What you will do ▸
In the records that follow, the lines from the one containing "A gas mask lies" to the one containing "Eskişehir’de 10 yıldır", inclusive, are to be given again exactly.

== Data provided

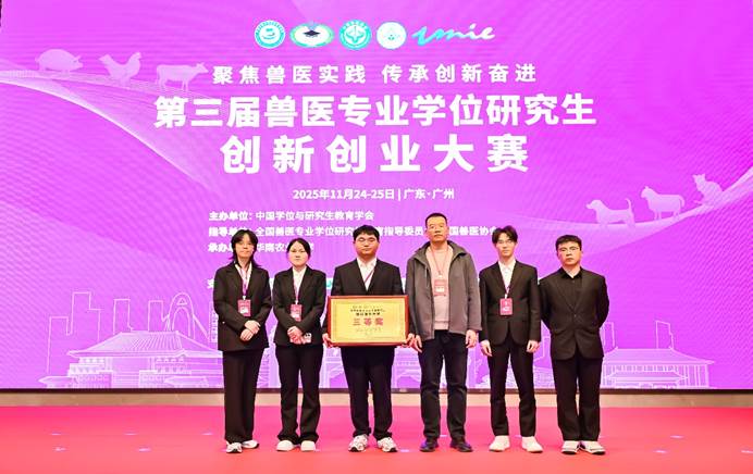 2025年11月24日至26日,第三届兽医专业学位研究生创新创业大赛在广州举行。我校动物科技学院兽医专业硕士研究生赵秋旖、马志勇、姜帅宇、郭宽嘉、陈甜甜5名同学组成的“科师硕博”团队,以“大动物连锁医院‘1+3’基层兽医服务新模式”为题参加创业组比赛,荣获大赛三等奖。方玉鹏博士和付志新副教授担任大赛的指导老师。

====
== Data provided

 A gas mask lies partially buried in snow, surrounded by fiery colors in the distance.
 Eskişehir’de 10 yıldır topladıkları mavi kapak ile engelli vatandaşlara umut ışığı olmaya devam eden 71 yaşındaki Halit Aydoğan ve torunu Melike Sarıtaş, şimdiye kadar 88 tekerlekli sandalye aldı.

====

Response to the exercise ▸
 A gas mask lies partially buried in snow, surrounded by fiery colors in the distance.
 Eskişehir’de 10 yıldır topladıkları mavi kapak ile engelli vatandaşlara umut ışığı olmaya devam eden 71 yaşındaki Halit Aydoğan ve torunu Melike Sarıtaş, şimdiye kadar 88 tekerlekli sandalye aldı.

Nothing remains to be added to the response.